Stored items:

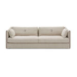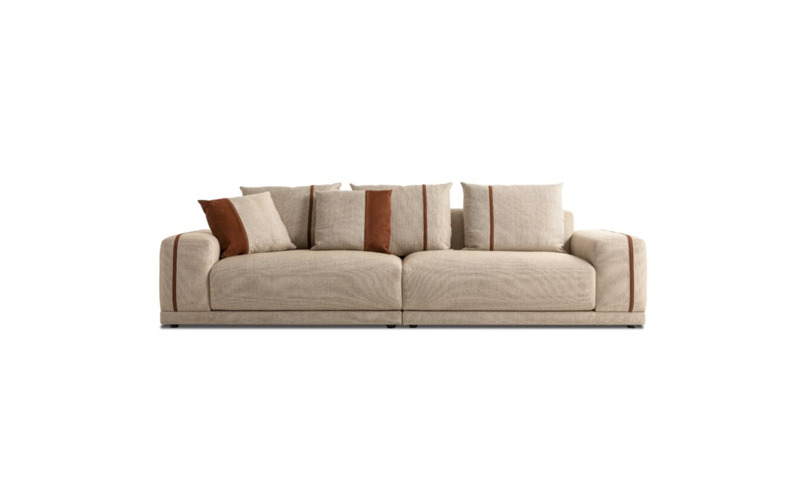 The most contemporary Trussardi Casa product in the collection both for its proportions and alternating fabrics. Essential volumes, defined but not angular shapes. A leather chain stitch detail travels up the armrest dividing the surfaces symmetrically.
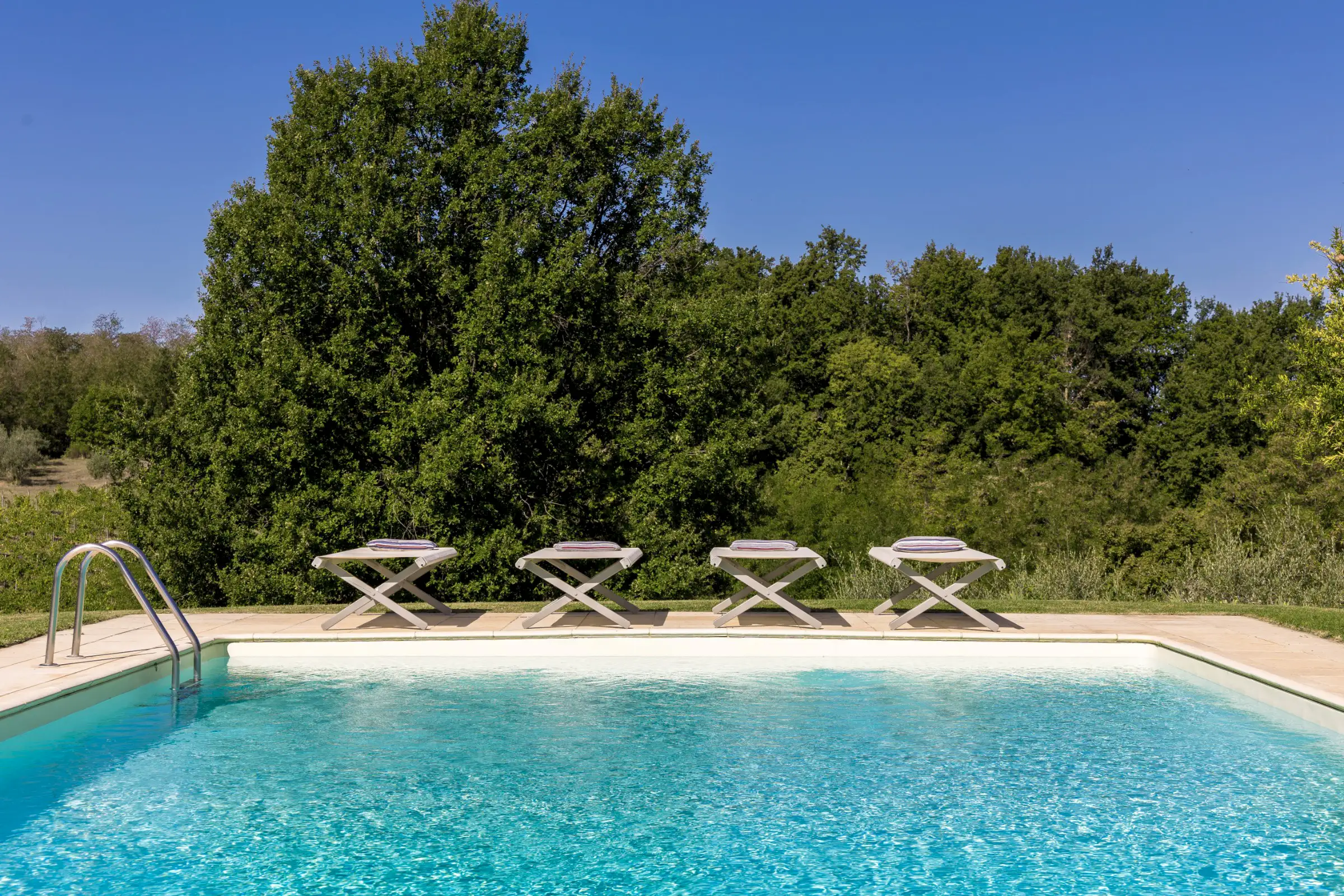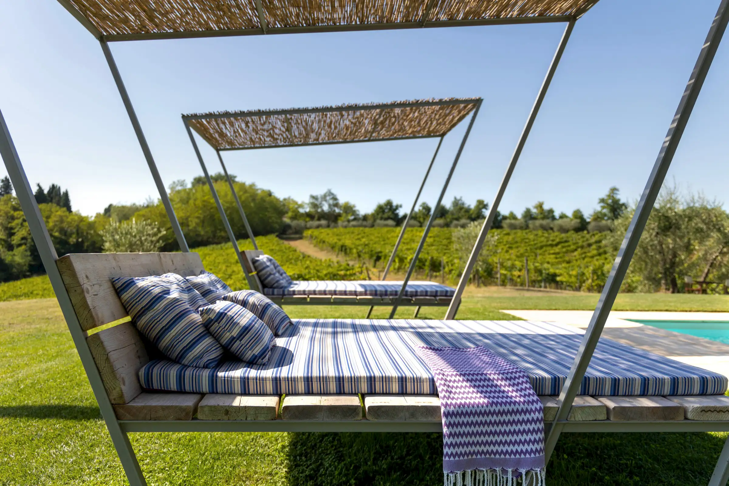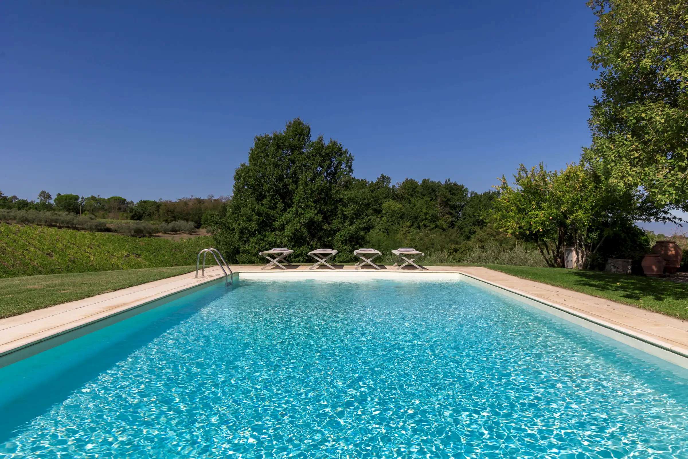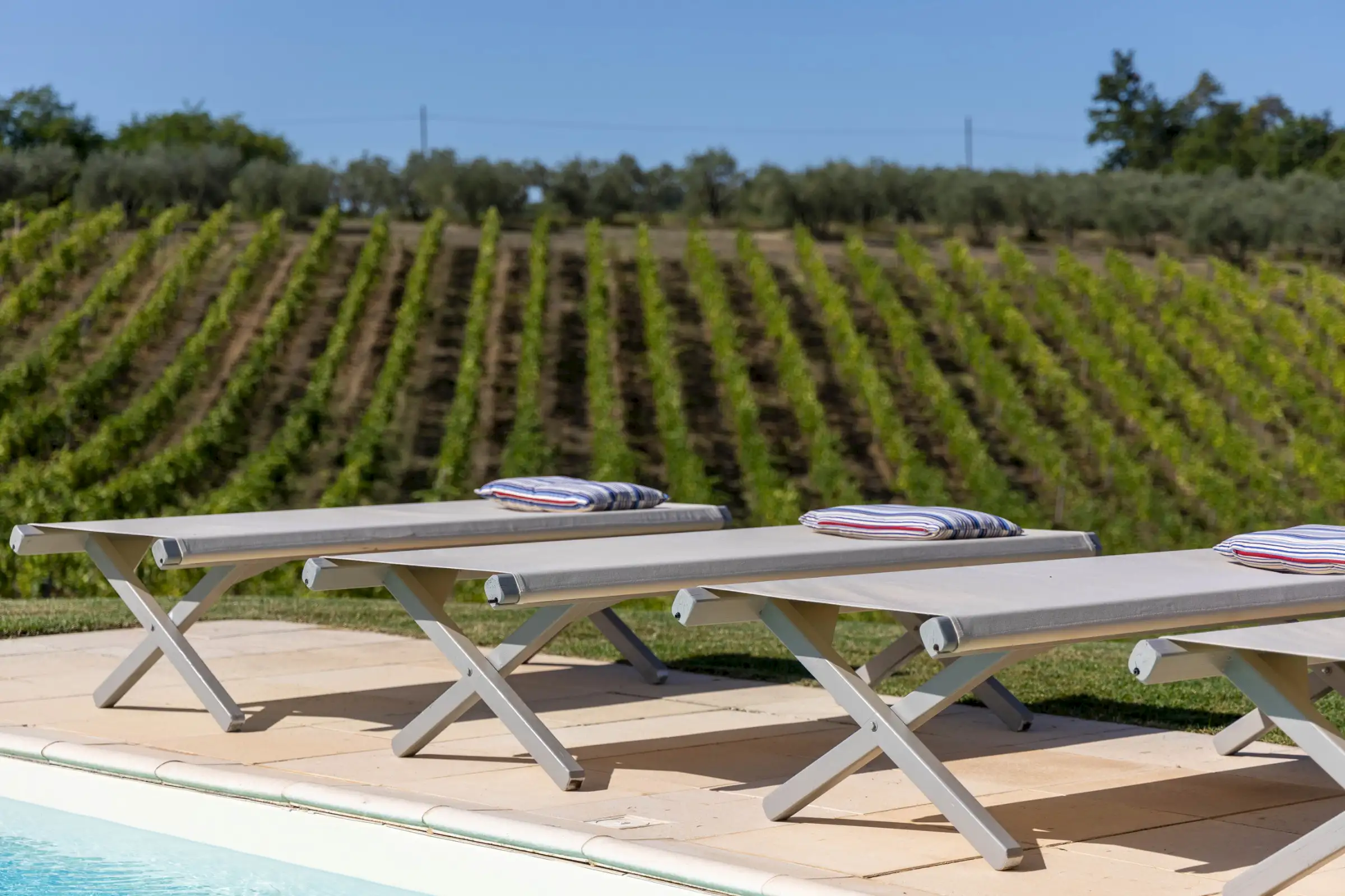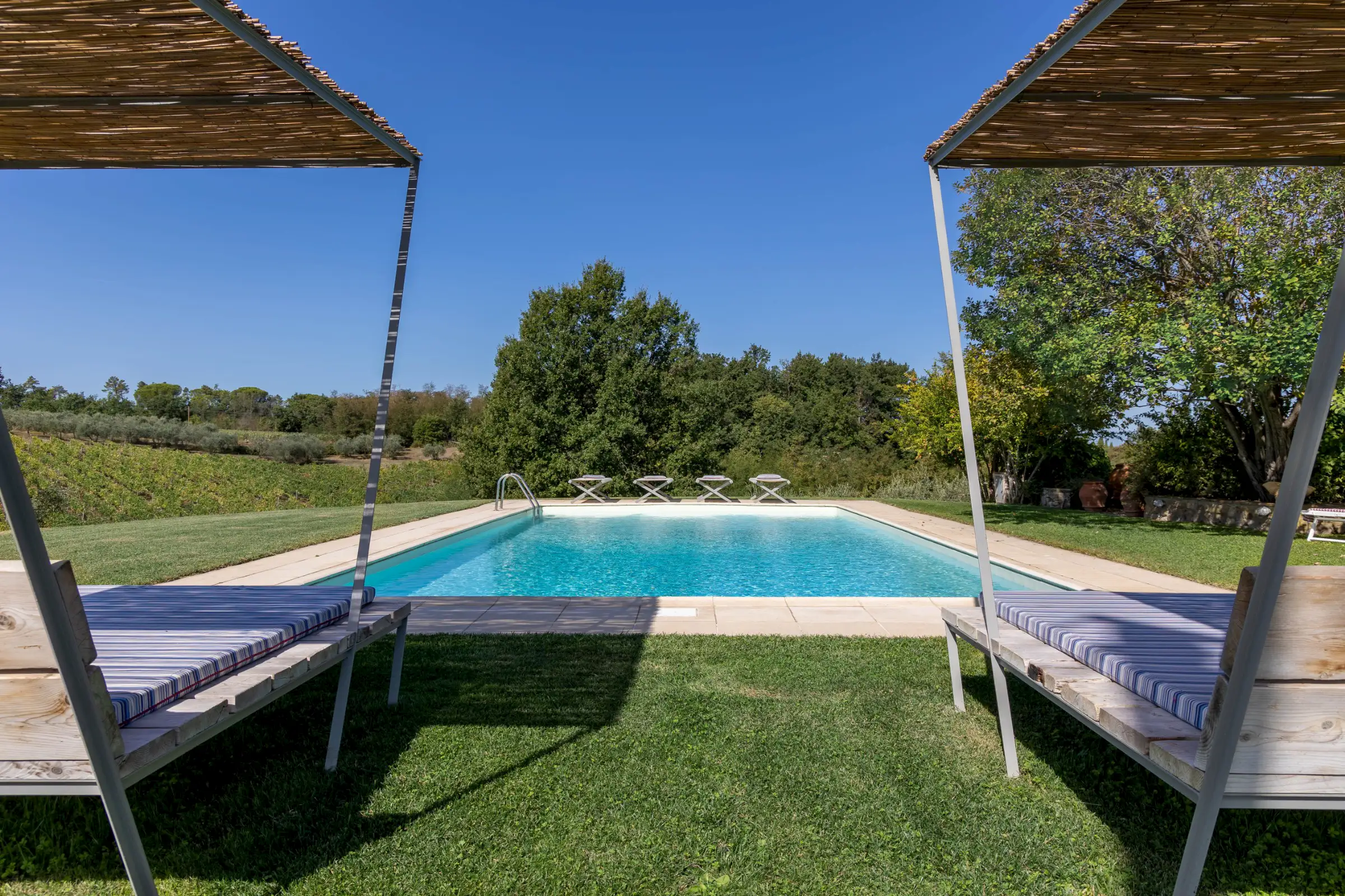 The main villa for 6 guest is divided over two floors. The ground floor has a well-equipped white modern kitchen with Gaggenau appliances, a dining room, a sitting room with comfortable sofas and armchairs, bookshelves on the wall, an old fireplace and ambient lighting. On the second floor, there are three bedrooms and two bathrooms. Outside under the pergola a large wooden table is the perfect spot for a large family lunch or dinner or to sit down with your morning coffee. Relax in the attractive lounge area or settle down in the sun loungers near the private pool, surrounded by green lawns and incredible views over the neighboring vineyards and Tuscan hills.
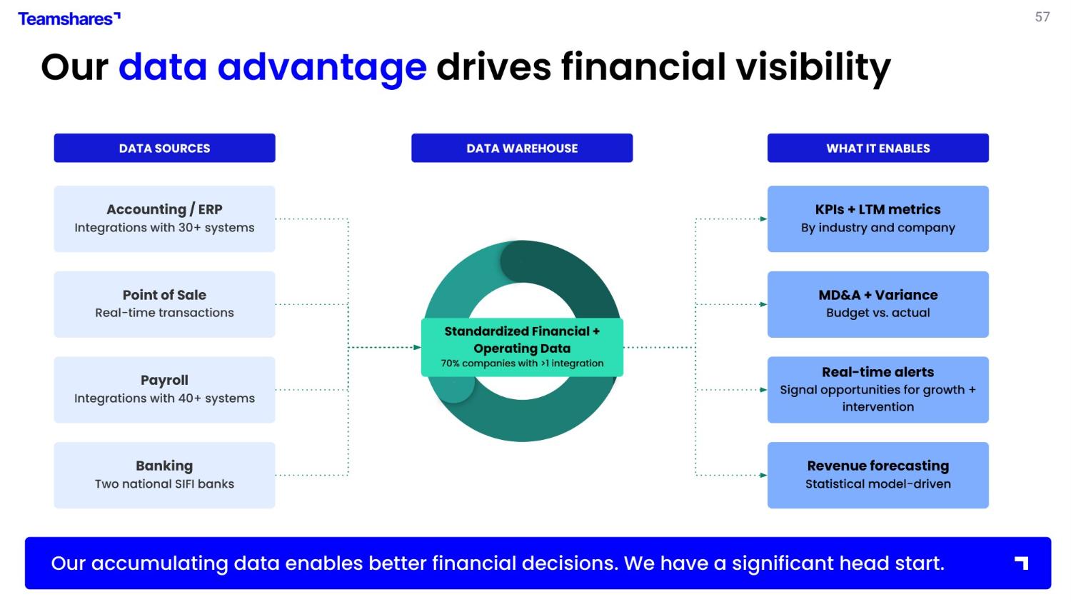 57 Our data advantage drives financial visibility KPIs + LTM metrics By industry and company DATA SOURCES Accounting / ERP Integrations with 30+ systems Point of Sale Real - time transactions Payroll Integrations with 40+ systems Banking Two national SIFI banks Standardized Financial + Operating Data 70% companies with >1 integration MD&A + Variance Budget vs. actual Real - time alerts Signal opportunities for growth + intervention Revenue forecasting Statistical model - driven Our accumulating data enables better financial decisions. We have a significant head start. DATA WAREHOUSE WHAT IT ENABLES
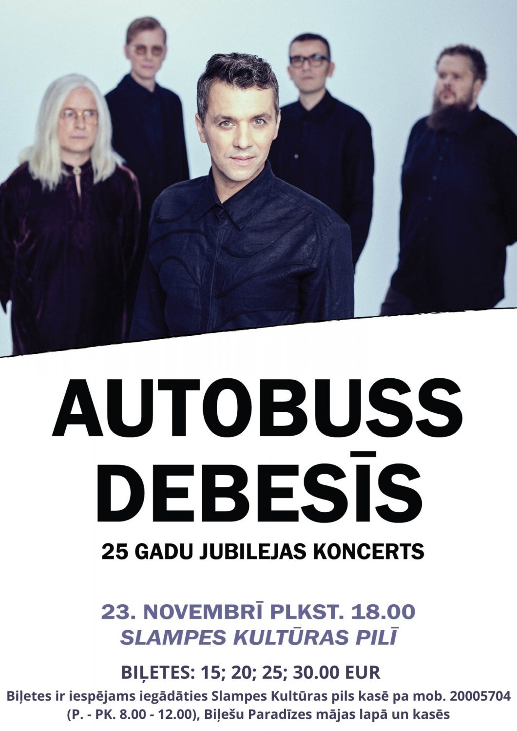 Savukārt mūzikas baudītāji 23. novembrī plkst. 18:00 aicināti uz Slampes Kultūras pili, kur notiks grupas “Autobuss Debesīs” 25 gadu jubilejas koncerts “Sitiet bungas, mani mīļie”. Šis īpašais vakars solās būt sirsnīgs un muzikāli bagātīgs, kurā piedalīsies arī grupas sākotnējie dalībnieki – Andrejs Grimms un Ervings Znotiņš. Kā saka grupas solists Marts Kristians Kalniņš: “Tiekamies, sadziedam un sadejojam!”. Vairāk informācijas: 20005704
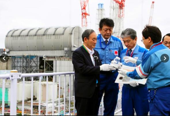 日本首相菅义伟于9月26日前往福岛第一核电站视察核污水的处理情况。(图片来源:日本《朝日新闻》网站)

- _WHAT THE TASK REQUIRES_
Your copy should match the data above exactly, apart from the pictures.

- _REPLY_
 The most contemporary Trussardi Casa product in the collection both for its proportions and alternating fabrics. Essential volumes, defined but not angular shapes. A leather chain stitch detail travels up the armrest dividing the surfaces symmetrically.
 The main villa for 6 guest is divided over two floors. The ground floor has a well-equipped white modern kitchen with Gaggenau appliances, a dining room, a sitting room with comfortable sofas and armchairs, bookshelves on the wall, an old fireplace and ambient lighting. On the second floor, there are three bedrooms and two bathrooms. Outside under the pergola a large wooden table is the perfect spot for a large family lunch or dinner or to sit down with your morning coffee. Relax in the attractive lounge area or settle down in the sun loungers near the private pool, surrounded by green lawns and incredible views over the neighboring vineyards and Tuscan hills.
 57 Our data advantage drives financial visibility KPIs + LTM metrics By industry and company DATA SOURCES Accounting / ERP Integrations with 30+ systems Point of Sale Real - time transactions Payroll Integrations with 40+ systems Banking Two national SIFI banks Standardized Financial + Operating Data 70% companies with >1 integration MD&A + Variance Budget vs. actual Real - time alerts Signal opportunities for growth + intervention Revenue forecasting Statistical model - driven Our accumulating data enables better financial decisions. We have a significant head start. DATA WAREHOUSE WHAT IT ENABLES
 Savukārt mūzikas baudītāji 23. novembrī plkst. 18:00 aicināti uz Slampes Kultūras pili, kur notiks grupas “Autobuss Debesīs” 25 gadu jubilejas koncerts “Sitiet bungas, mani mīļie”. Šis īpašais vakars solās būt sirsnīgs un muzikāli bagātīgs, kurā piedalīsies arī grupas sākotnējie dalībnieki – Andrejs Grimms un Ervings Znotiņš. Kā saka grupas solists Marts Kristians Kalniņš: “Tiekamies, sadziedam un sadejojam!”. Vairāk informācijas: 20005704
 日本首相菅义伟于9月26日前往福岛第一核电站视察核污水的处理情况。(图片来源:日本《朝日新闻》网站)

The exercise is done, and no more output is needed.